Fwd: MirrorMaker improvements

2015-03-24 Thread vlad...@gmail.com
Dear all,

I had a short discussion with Jay yesterday at the ACM meetup and he
suggested writing an email regarding a few possible MirrorMaker
improvements.

At Turn, we have been using MirrorMaker for a a few months now to
asynchronously replicate our key/value store data between our datacenters.
In a way, our system is similar to Linkedin's Databus, but it uses Kafka
clusters and MirrorMaker as its building blocks. Our overall message rate
peaks at about 650K/sec and, when pushing data over high bandwidth delay
product links, we have found some minor bottlenecks.

The MirrorMaker process uses a standard consumer to pull data from a remote
datacenter. This implies that it opens a single TCP connection to each of
the remote brokers and muxes requests for different topics and partitions
over this connection. While this is a good thing in terms of maintaining
the congestion window open, over long RTT lines with rather high loss rate
the congestion window will cap, in our case at just a few Mbps. While the
overall line bandwidth is much higher, this means that we have to start
multiple MirrorMaker processes (somewhere in the hundreds), in order to
completely use the line capacity. Being able to pool multiple TCP
connections from a single consumer to a broker would solve this
complication.

The standard consumer also uses the remote ZooKeeper in order to manage the
consumer group. While consumer group management is moving closer to the
brokers, it might make sense to move the group management to the local
datacenter, since that would avoid using the long-distance connection for
this purpose.

Another possible improvement assumes a further constraint, namely that the
number of partitions for a topic in both datacenters is the same. In my
opinion, this is a sane constraint, since it preserves the Kafka ordering
guarantees (per partition), instead of a simple guarantee per key. This
kind of guarantee can be for example useful in a system that compares
partition contents to reach eventual consistency using Merkle trees. If the
number of partitions is equal, then offsets have the same meaning for the
same partition in both clusters, since the data for both partitions is
identical before the offset. This allows a simple consumer to just inquire
the local broker and the remote broker for their current offsets and, in
case the remote broker is ahead, copy the extra data to the local cluster.
Since the consumer offsets are no longer bound to the specific partitioning
of a single remote cluster, the consumer could pull from one of any number
of remote clusters, BitTorrent-style, if their offsets are ahead of the
local offset.

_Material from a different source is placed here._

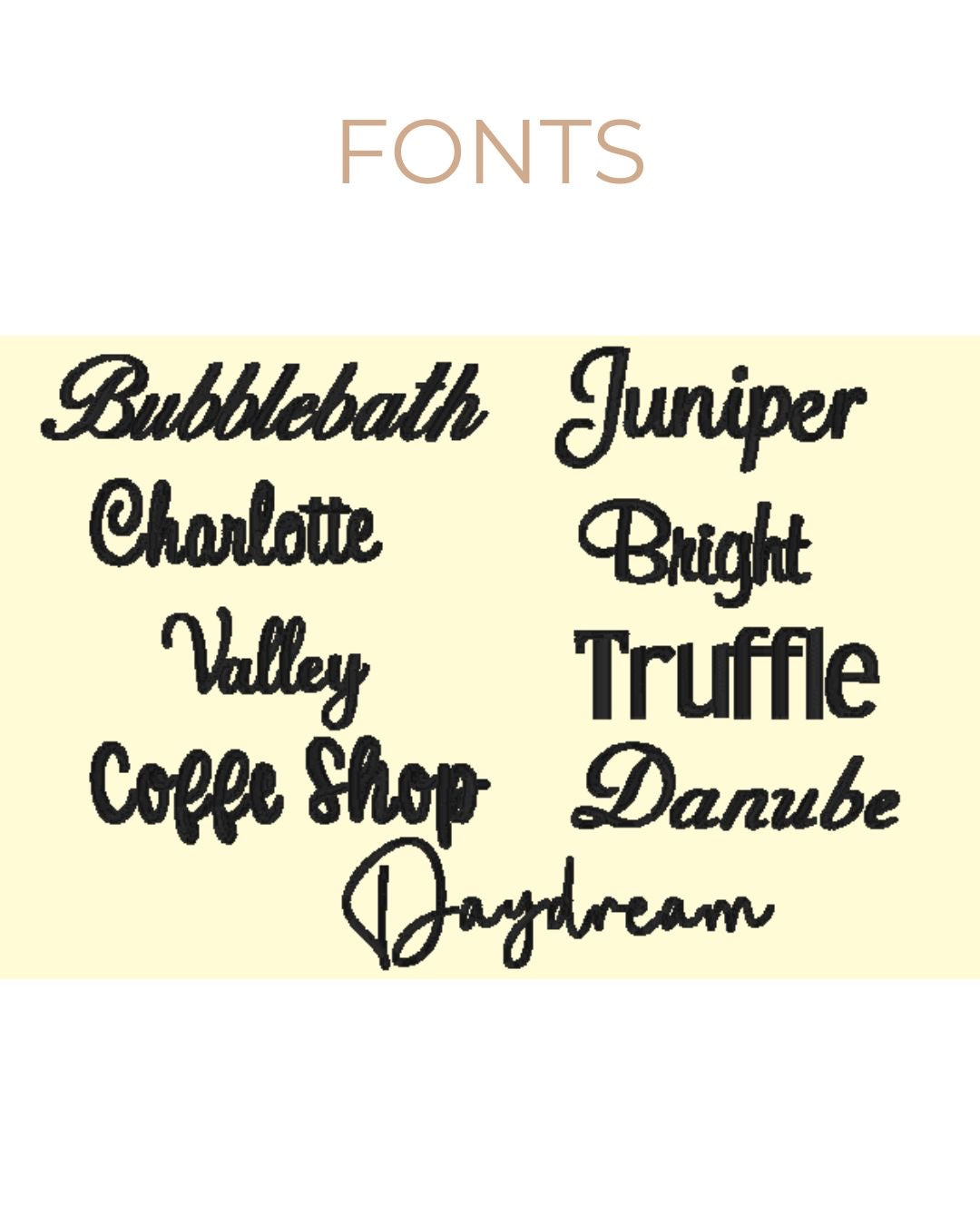 A variety of font styles are available! In the text box, please enter the name you'd like to personalize your piece.

The group management problem would reduce to assigning local
partitions to different MirrorMaker processes, so the group management
could be done locally also in this situation.

Regards,
Vlad

PS: Sorry if this is a double posting! The original posting did not appear
in the archives for a while.


MirrorMaker improvements

2015-03-24 Thread vlad...@gmail.com
Dear all,

I had a short discussion with Jay yesterday at the ACM meetup and he
suggested writing an email regarding a few possible MirrorMaker
improvements.

At Turn, we have been using MirrorMaker for a a few months now to
asynchronously replicate our key/value store data between our datacenters.
In a way, our system is similar to Linkedin's Databus, but it uses Kafka
clusters and MirrorMaker as its building blocks. Our overall message rate
peaks at about 650K/sec and, when pushing data over high bandwidth delay
product links, we have found some minor bottlenecks.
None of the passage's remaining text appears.